*Description of the task:* Restate the whole of the data below word for word, skipping the images.

*Records shown:*
════════

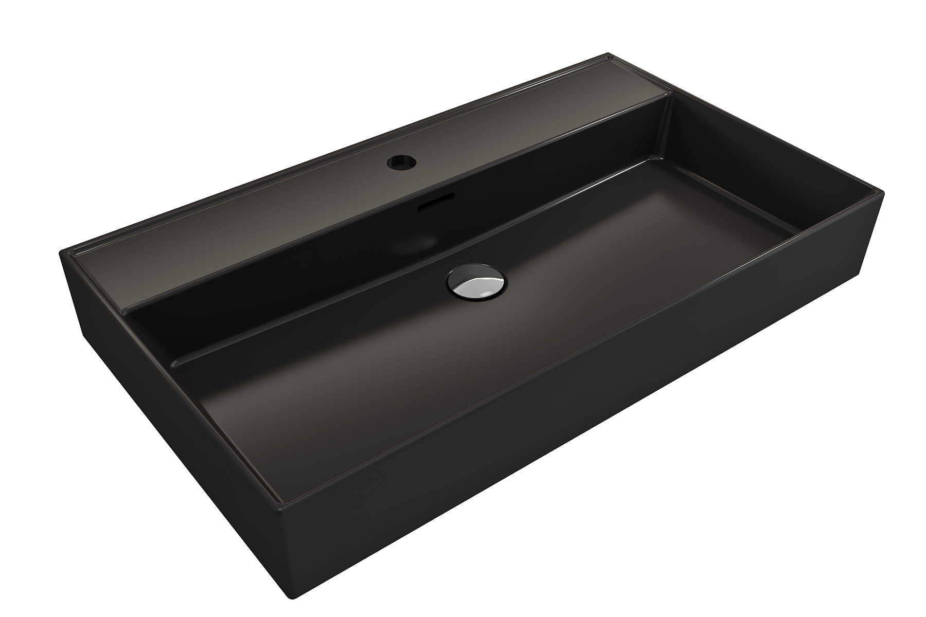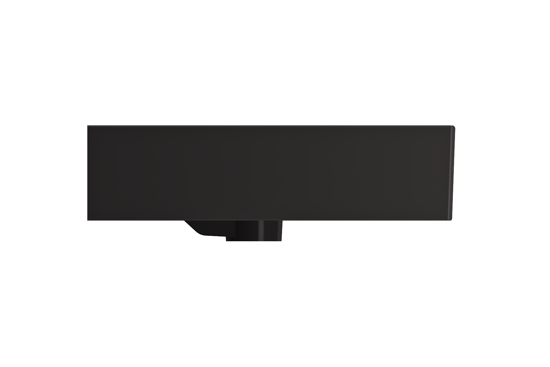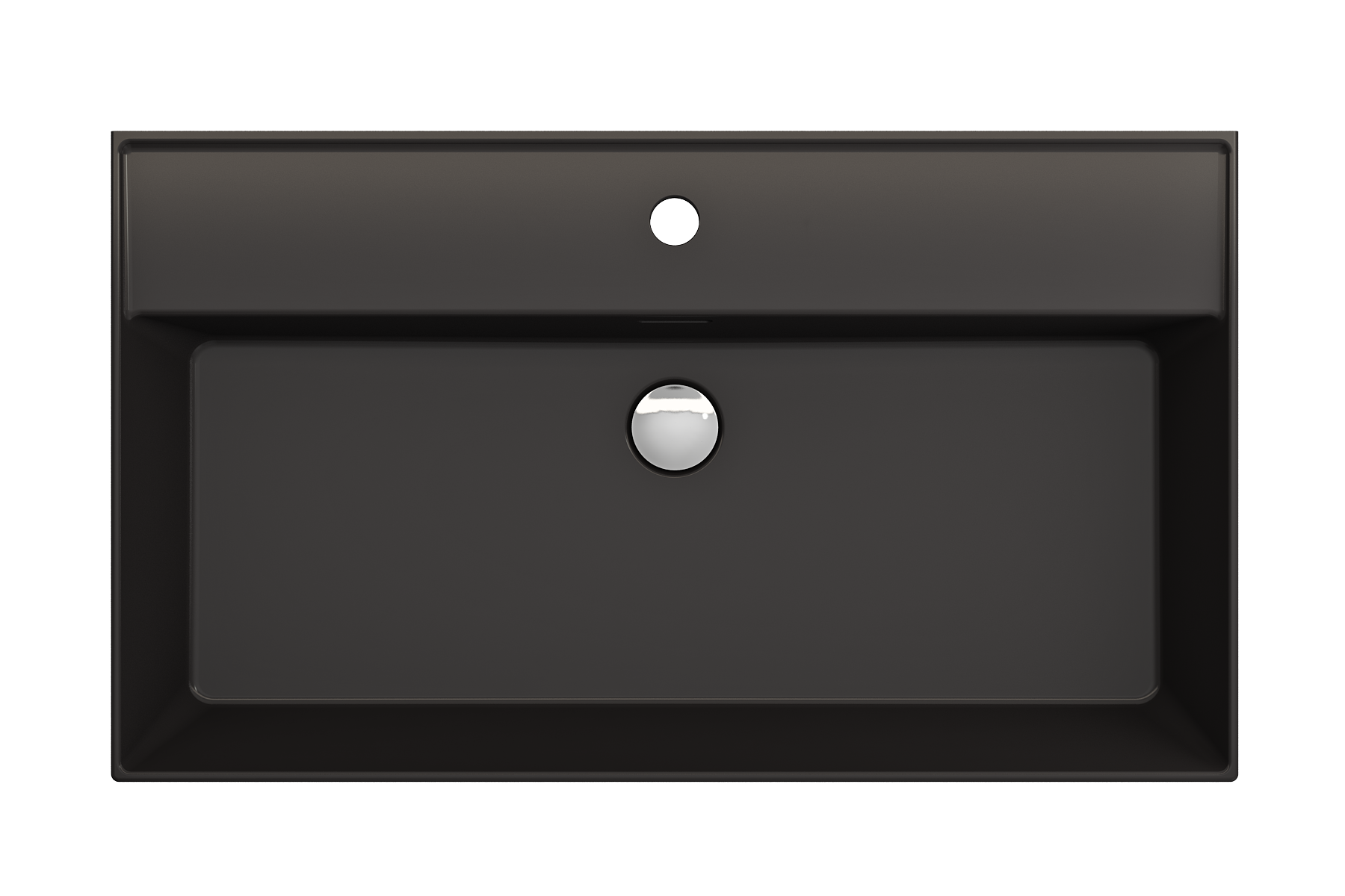 Bathroom sink with single-hole faucet setting. May be wall-hung, used with metal console legs, or counterset.
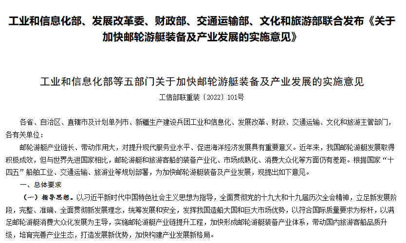 8月18日,工業(yè)和信息化部、國家發(fā)展和改革委員會、財政部、交通運輸部、文化和旅游部聯(lián)合發(fā)布《關(guān)于加快郵輪游艇裝備及產(chǎn)業(yè)發(fā)展的實施意見》(簡稱實施意見)。
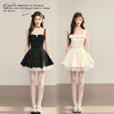 白里 星梦纱舞 法式蝴蝶结无袖挂脖连衣裙女纯欲风网纱蓬蓬A字裙
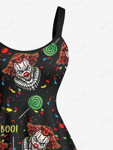 Gothic Plus Size Clown Lollipop Candy Letters Print A Line Tank Dress
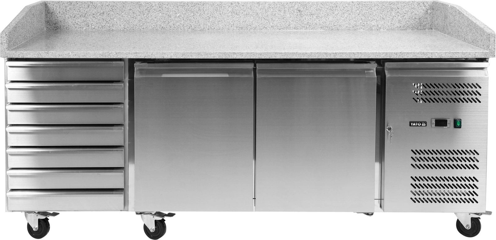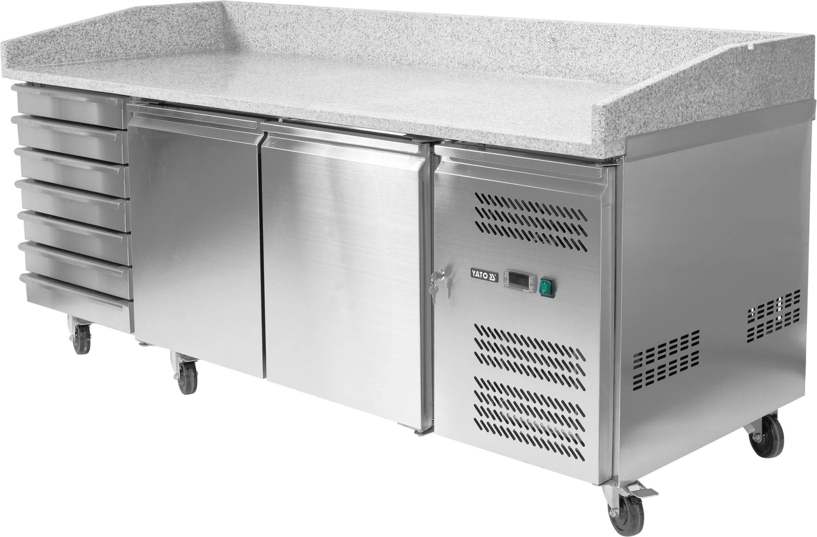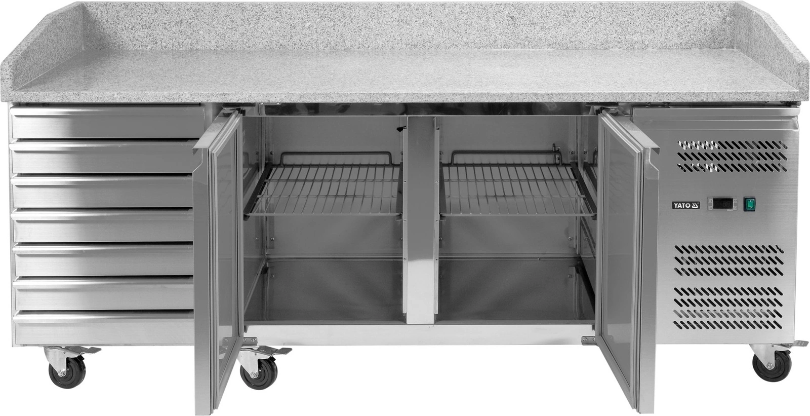 Chladiaci stôl na pizzu s 2 dverami a zásuvkami YATO YG-05310 je profesionálne gastronomické zariadenie, ktoré sa skvele hodí do pizzerií, reštaurácií a rýchlych občerstvení. Je vybavený dvoma chladenými komorami a až siedmimi praktickými nechladenými zásuvkami, čo umožňuje pohodlné uskladnenie surovín aj kuchynského príslušenstva. Pracovná doska z granitu zaručuje odolnosť a komfort pri príprave pizze.
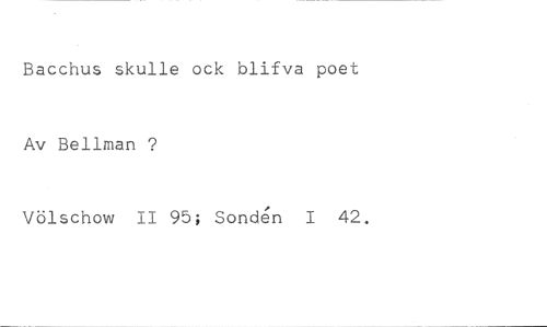 Bacchus skulle ock blifva poet //// Av Bellman ? //// Völschow II 95; Sonden I 42.
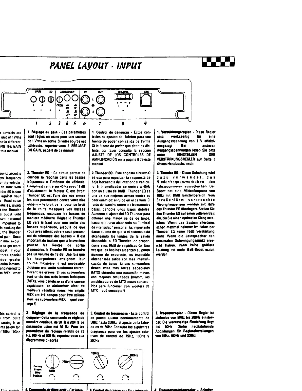 MTX thunder 2300x - Input Panel Layout; Gain Control Adjustment; Thunder EQ Bass Enhancement; Crossover Frequency Adjustment
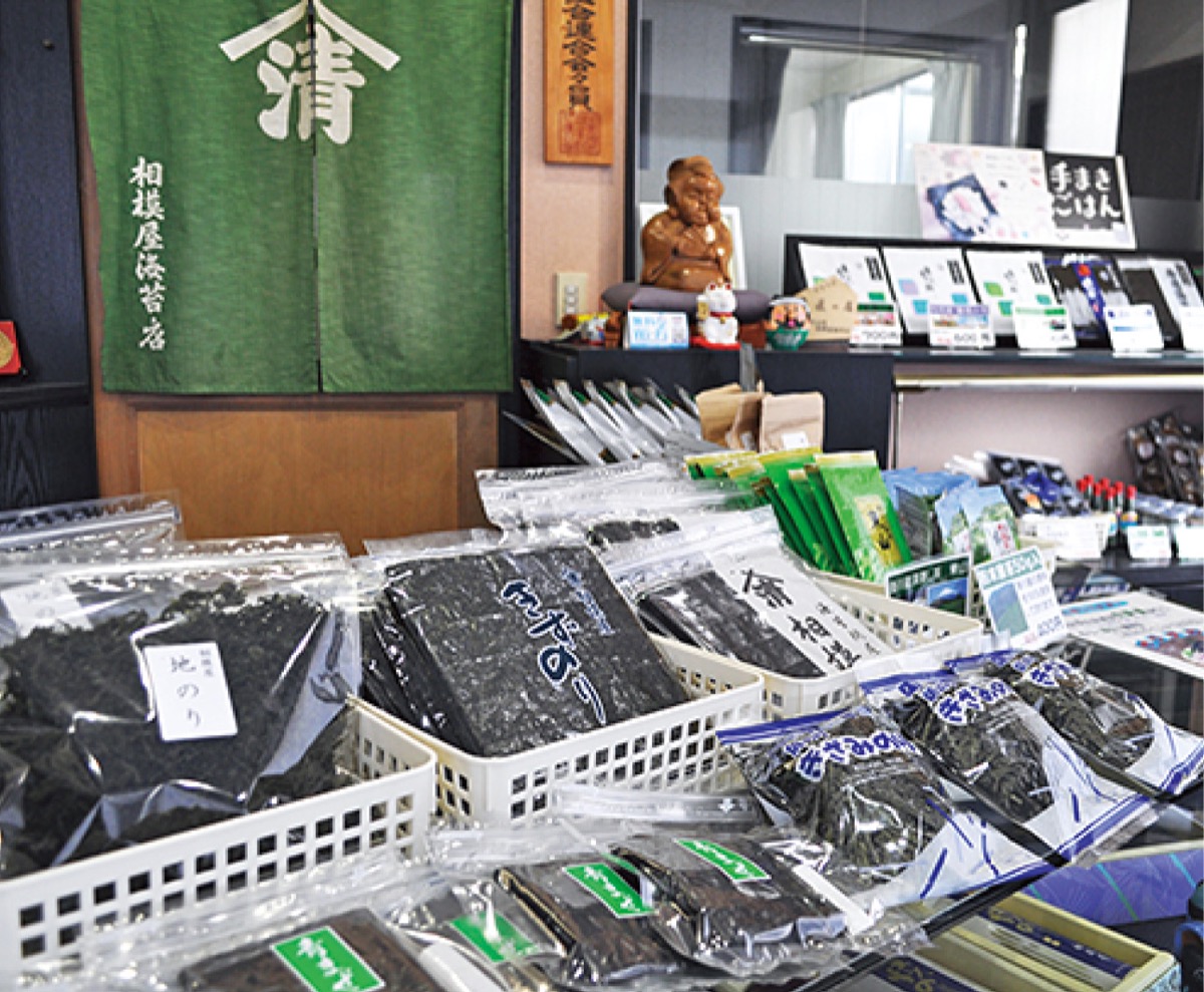 創業60余年の相模屋海苔店は、名産地で競り落とした高級海苔を丁寧に焼き、素材本来の風味を最大限に引き立てる。
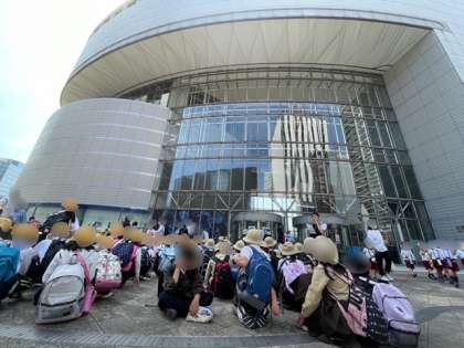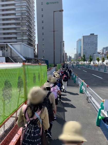 4年生は春の遠足に出発です。道中、交通マナーをしっかり守って、大阪市立科学館に到着しました。これから館内を見学します。
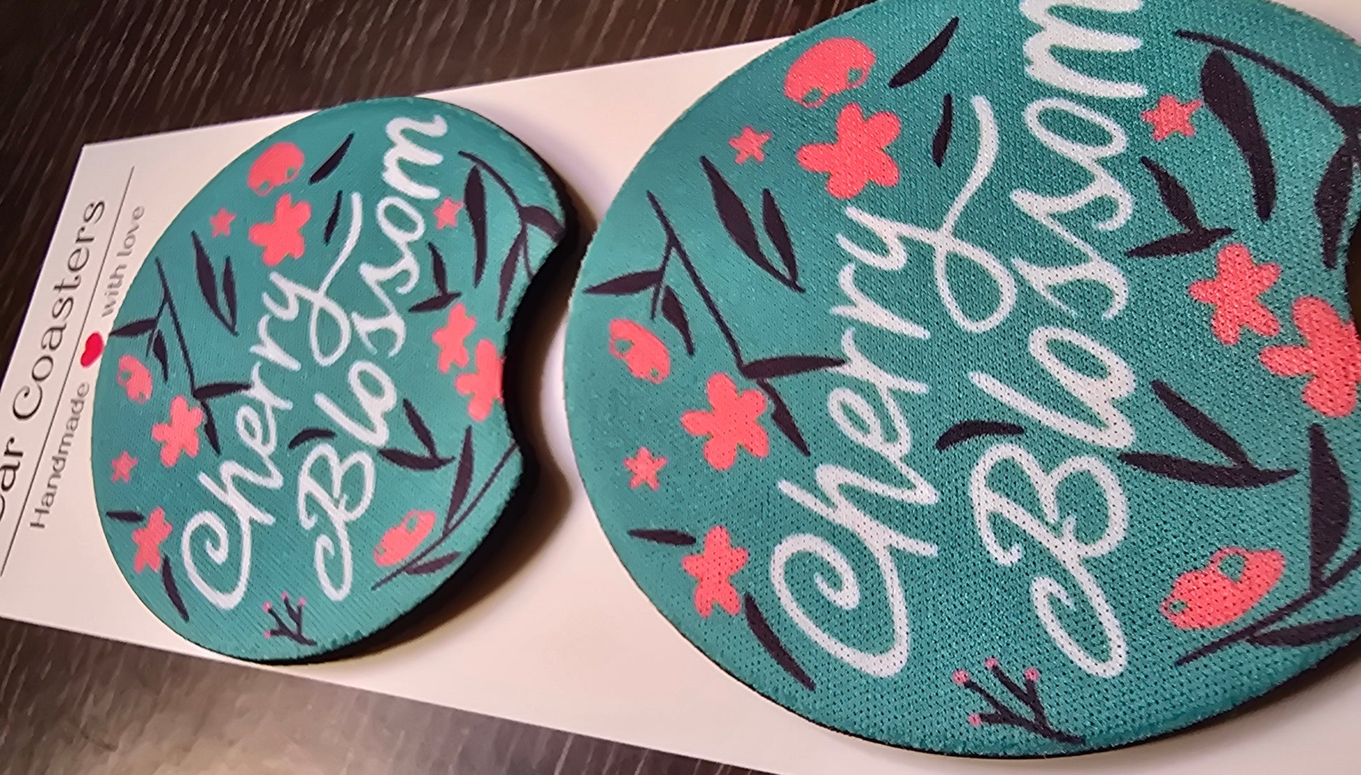 Cherry Blossom car coasters set of 2 adds a touch of personality to your ride.
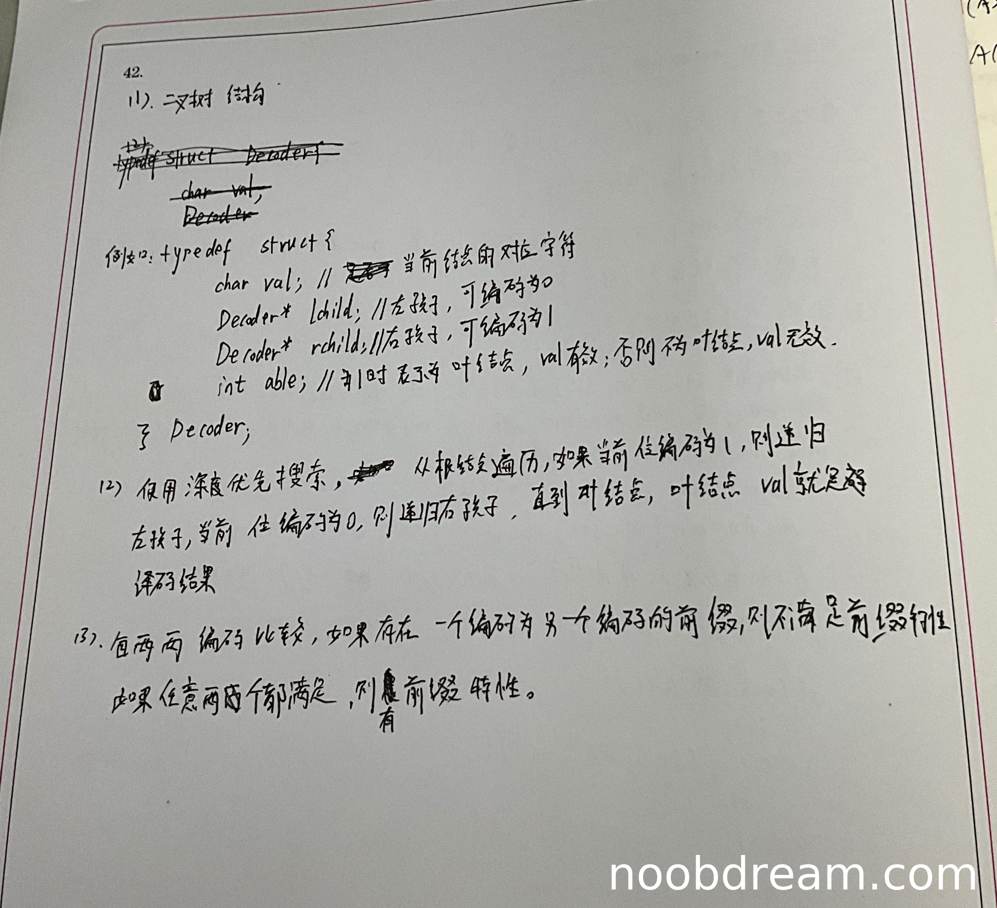 学生回答使用二叉树结构来保存具有前缀特性的不等长编码,这是正确的数据结构。虽然学生给出的结构体定义中,对于左孩子和右孩子的编码方向(0对应左还是右)以及able字段的含义描述存在一些混淆(例如,标准答案中通常左路径标0、右路径标1,而学生描述中可能写反了),但核心思想是使用二叉树结构,这符合标准答案的要求。由于识别可能存在误写,且主要逻辑正确,因此不扣分。得4分。
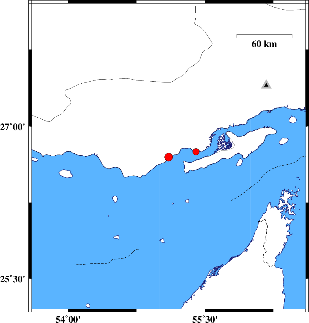 | 2022/12/09 | 19:18:37.0 | 22:48:37.0 | 26.75 | 55.403 | 12 | ML:3.2 | Persian Gulf, 60 km North-East of Bandar-e lengeh |
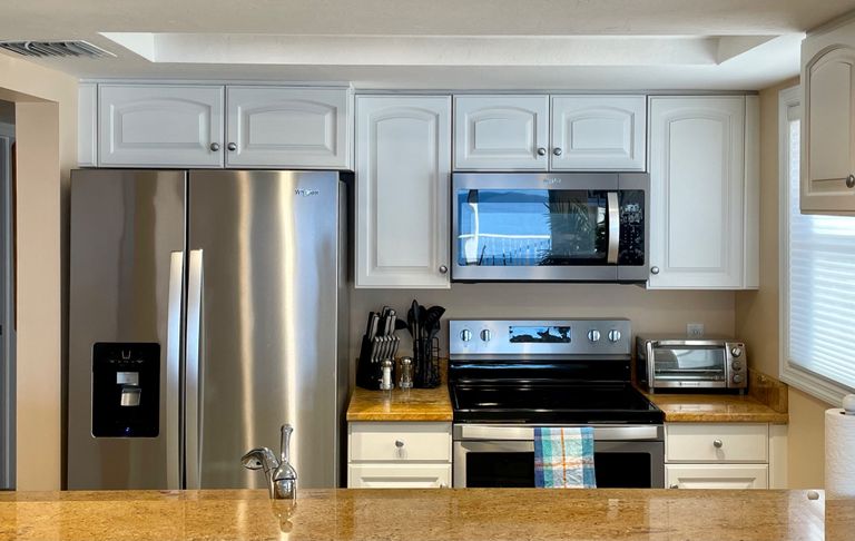 Kitchen refrigerator, microwave, stove, oven and toaster

════════

*Written response:*
 Bathroom sink with single-hole faucet setting. May be wall-hung, used with metal console legs, or counterset.
 8月18日,工業(yè)和信息化部、國家發(fā)展和改革委員會、財政部、交通運輸部、文化和旅游部聯(lián)合發(fā)布《關(guān)于加快郵輪游艇裝備及產(chǎn)業(yè)發(fā)展的實施意見》(簡稱實施意見)。
 白里 星梦纱舞 法式蝴蝶结无袖挂脖连衣裙女纯欲风网纱蓬蓬A字裙
 Gothic Plus Size Clown Lollipop Candy Letters Print A Line Tank Dress
 Chladiaci stôl na pizzu s 2 dverami a zásuvkami YATO YG-05310 je profesionálne gastronomické zariadenie, ktoré sa skvele hodí do pizzerií, reštaurácií a rýchlych občerstvení. Je vybavený dvoma chladenými komorami a až siedmimi praktickými nechladenými zásuvkami, čo umožňuje pohodlné uskladnenie surovín aj kuchynského príslušenstva. Pracovná doska z granitu zaručuje odolnosť a komfort pri príprave pizze.
 Bacchus skulle ock blifva poet //// Av Bellman ? //// Völschow II 95; Sonden I 42.
 MTX thunder 2300x - Input Panel Layout; Gain Control Adjustment; Thunder EQ Bass Enhancement; Crossover Frequency Adjustment
 創業60余年の相模屋海苔店は、名産地で競り落とした高級海苔を丁寧に焼き、素材本来の風味を最大限に引き立てる。
 4年生は春の遠足に出発です。道中、交通マナーをしっかり守って、大阪市立科学館に到着しました。これから館内を見学します。
 Cherry Blossom car coasters set of 2 adds a touch of personality to your ride.
 学生回答使用二叉树结构来保存具有前缀特性的不等长编码,这是正确的数据结构。虽然学生给出的结构体定义中,对于左孩子和右孩子的编码方向(0对应左还是右)以及able字段的含义描述存在一些混淆(例如,标准答案中通常左路径标0、右路径标1,而学生描述中可能写反了),但核心思想是使用二叉树结构,这符合标准答案的要求。由于识别可能存在误写,且主要逻辑正确,因此不扣分。得4分。
 | 2022/12/09 | 19:18:37.0 | 22:48:37.0 | 26.75 | 55.403 | 12 | ML:3.2 | Persian Gulf, 60 km North-East of Bandar-e lengeh |
 Kitchen refrigerator, microwave, stove, oven and toaster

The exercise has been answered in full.